Tenía un amigo que
se quedó medio ciego. Y no uso el verbo en tiempo pasado porque él haya muerto —él
sólo se quedó medio ciego—. Lo hago porque yo dejé de verle.
No fue de pronto ni
puedo ubicar un desencuentro matriz a partir del cual se ha precipitado un
después. El descampado en el que coexistimos lo ha conformado una enfermedad
maestra: La opacidad de mi alma. Un mal endémico con el que uno cree estar
asesinando bajo el auspicio de la razón en su estado más puro, cuando en realidad
lo único que provoca es la muerte en
vida de la persona que la padece.
Antes de que mi
amigo sufriera su accidente, él y yo éramos inseparables.
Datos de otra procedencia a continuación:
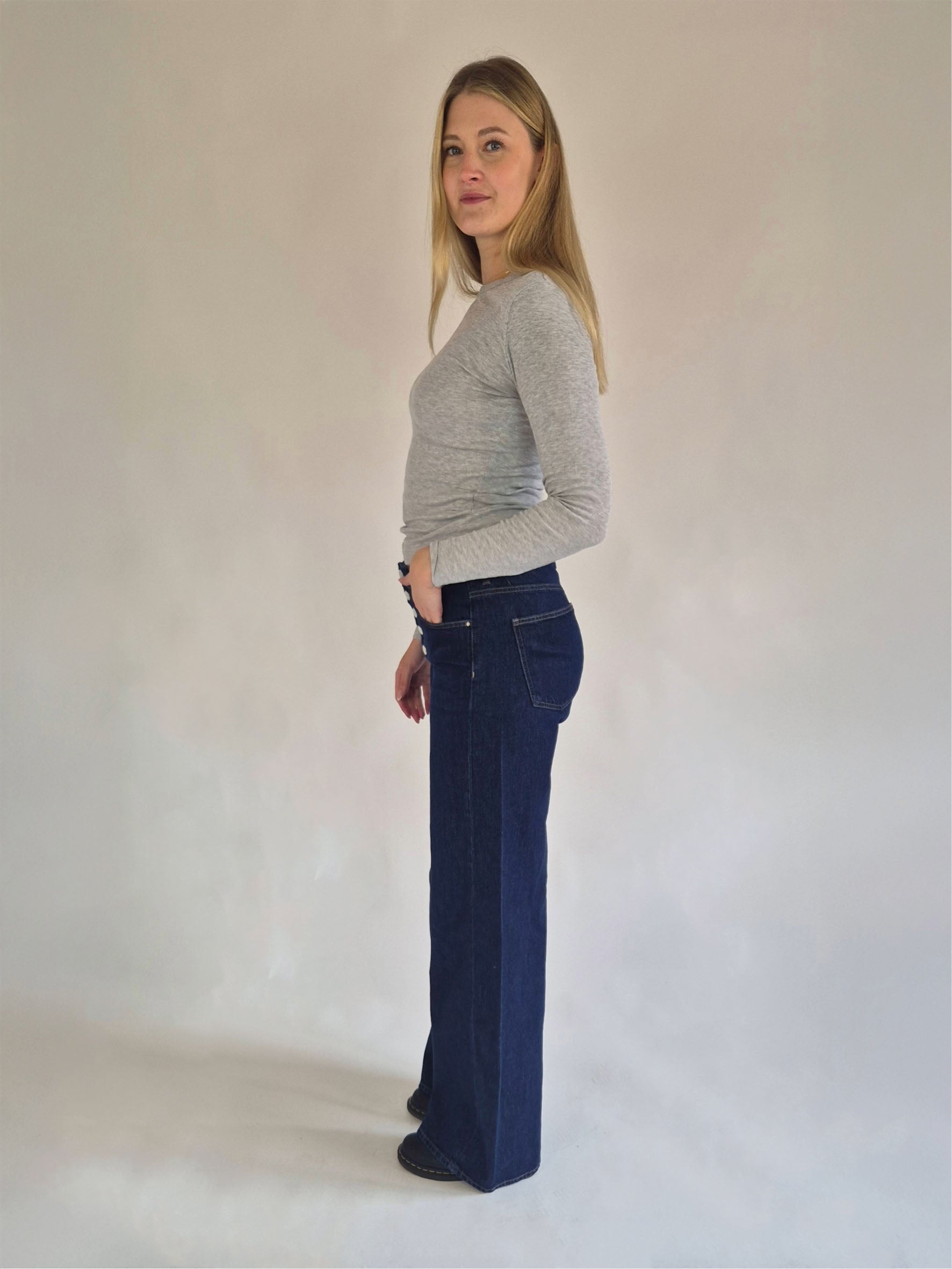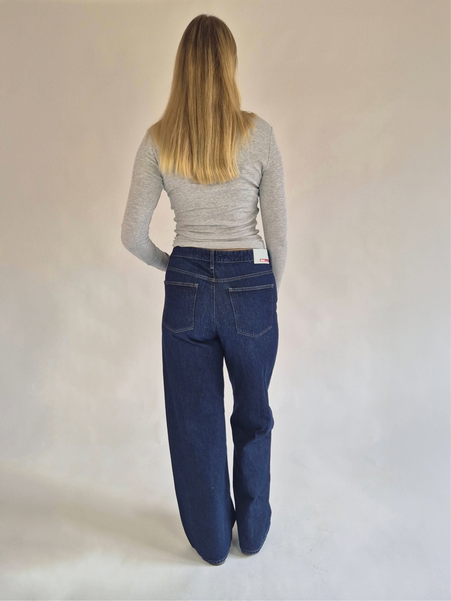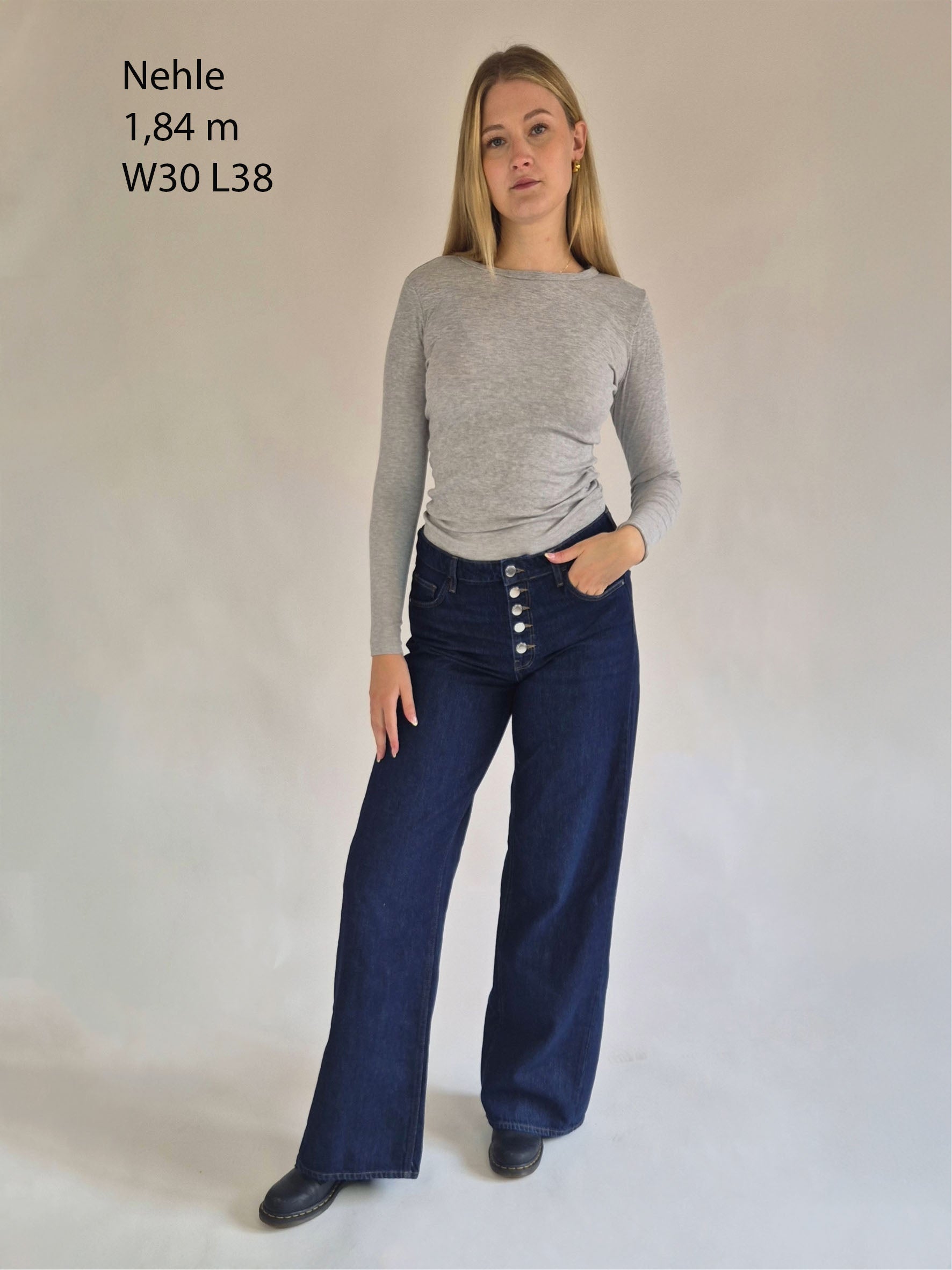 Extra lang geschnittene Wide Leg Jeans mit hoher Leibhöhe und weitem Beinverlauf.

Luego, cuando sus
ojos heridos dejaron de obedecer las señales de su cerebro y sólo le reportaban
el cuarenta por ciento de lo que yo veía, los motivos que hasta entonces habían
propiciado nuestros encuentros se fueron deshuesando como un animal muerto en
la intemperie.
Dejé de verle.
Dejamos de ser inseparable. Y lo peor, para mi cerebro ruin y miope, también
dejamos de ser iguales.
Deshinché el
significado de la palabra amigo. Lo embutí en una tripa en la que únicamente
cabían mis necesidades. Y ni siquiera lo hice con la debida precaución. Nada
más lejos. Ejecuté semejante acto de egoísmo de la manera más torpe; inmerso
por entero en un síncope de imbecilidad, sólo reparé en las prestaciones más
holgazanas que ofrece un compañero, olvidándome de la más rica e importante: Su
compaña, su simple, mansa —o combativa, si la ocasión así lo requiere—, leal y
perenne compaña.
Años más tarde me
caí de una repisa. Un absurdo; trataba de alcanzar la zona más alta de un techo
abuhardillado y la escalera de mano no me lo permitía. De modo que, obviando
cualquier formulación física relacionada con la resistencia de un elemento a
distintos pesos, me serví de un estante de madera para poder colocar el
alógeno, origen de todo el asunto. Y cedió… El estante cedió…
Por causas muy
parecidas a las de mi amigo, he tenido que abandonar el equipo de fútbol en el
que antaño ambos formábamos la pareja atacante en el partido de los martes. A
Luis, el que ha sido mi nuevo contrincante al tenis desde que mi amigo dejó de
ver la pelota, no me ha hecho falta decirle nada. Ha pasado por casa en varias
ocasiones, y conociendo mi estado he creído que sobraban las palabras.
Esta mañana he
recibido un mail de mi amigo, el que se quedó medio ciego. Traía un archivo
adjunto, que ha resultado ser un manual de ajedrez, y una pregunta: ¿Blancas o
negras?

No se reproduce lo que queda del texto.